Dr. Warren: ⁣That’s a critical question. With the Fed often ‌in the political crosshairs, especially ​around election time, Trump’s endorsement of Powell could bolster his ​image as someone who supports stable economic leadership. ‍Conversely, if there are criticisms ⁤of the​ Fed’s actions—such as raising or lowering rates—those could also reflect back​ on Trump depending⁢ on his public position on ⁢Powell.

Editor: Right, ​it’s ⁣a complex interplay. Looking ahead, how​ do‍ you ⁤see this interest rate cut playing out in the ⁤broader ‍economy over the next few months?
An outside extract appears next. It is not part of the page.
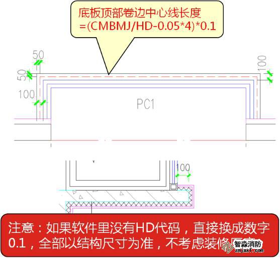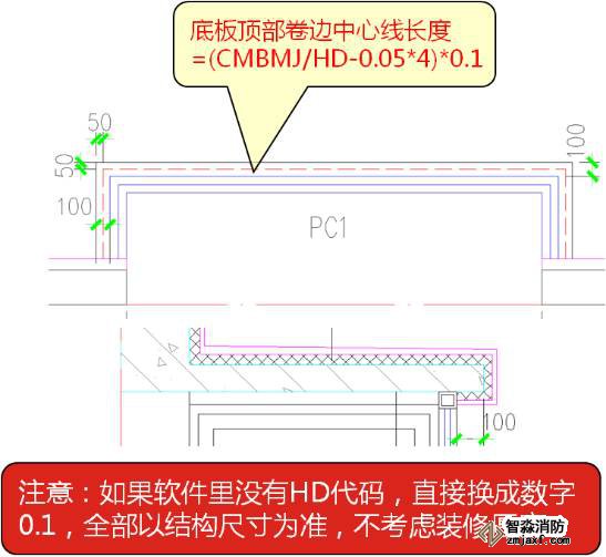 估計很多朋友看不懂“(CMBMJ/HD-0.05*4*0.1”,我解釋下,CMBMJ是飄窗底板側面模板面積,除以HD(厚度)就是側面長度,減去0.05*4就是我們要求底板裝修上翻的中心線長度,在乘以0.1就是上翻的面積。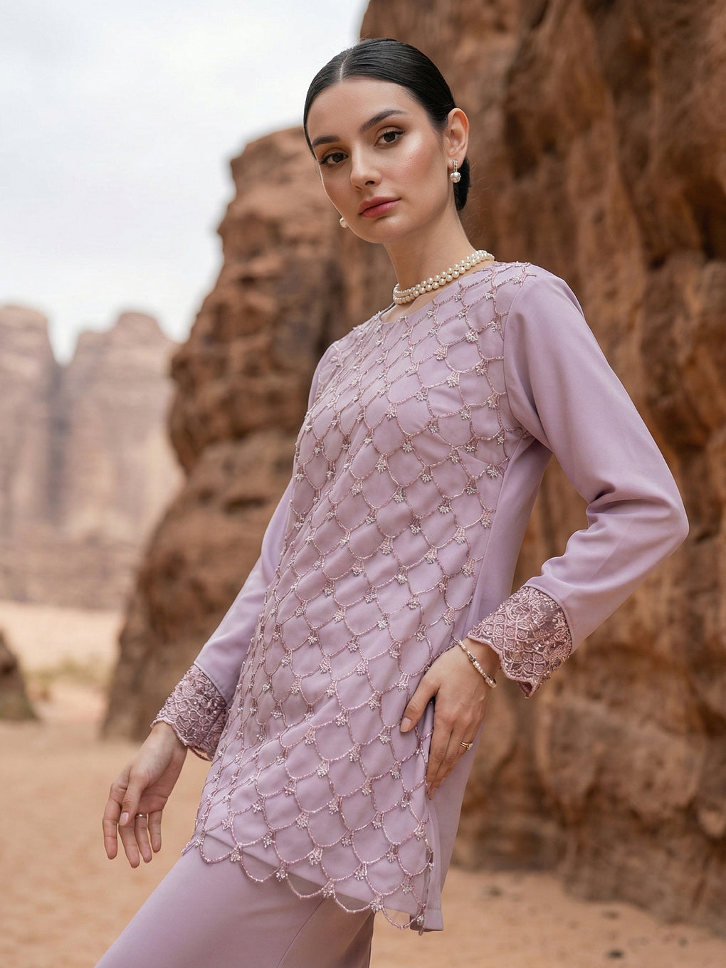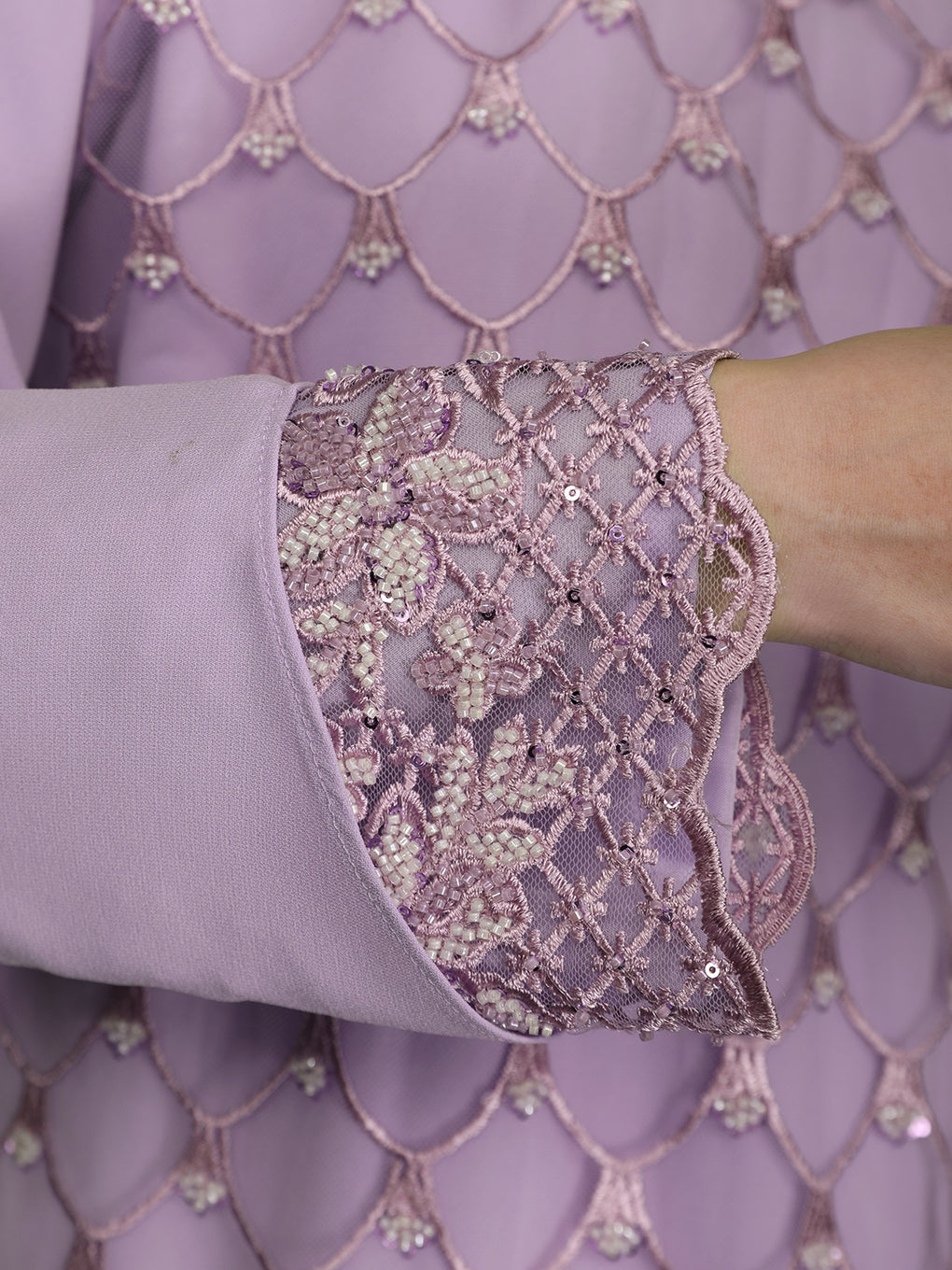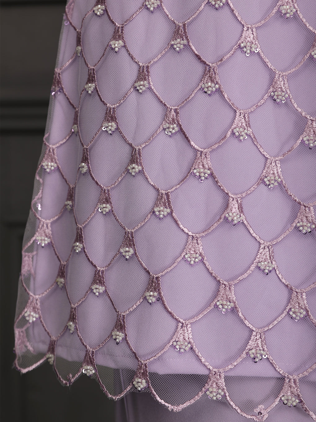 Baju Kurung Moden Idalia Luxurious and exclusive beaded lace delicately sewn for a rich and stunning look. The interlining are made of soft hand-feel jojo crepe fabric.

Dr. Warren: If the rate cut successfully stimulates borrowing and spending, we could see an uptick in⁣ economic activity, which should help bolster growth. However, we must also keep a ‌close eye on inflation and other external factors. If inflation continues to remain low, they may​ need to reassess their strategies again. In short, it’s about finding⁢ that balance between ⁢stimulating growth and ensuring price stability.

Editor: Dr. Warren, thank you so much for your insights today. ⁢It’s clear that the intertwining of economic policy and political dynamics makes this a critical period for the Fed and the ‍U.S. economy.

Dr. Warren: My pleasure! This is an exciting time, and I look forward to seeing how these developments unfold.

Editor: To our viewers, thank you for joining us! Stay ‌tuned for more discussions on​ pressing economic issues.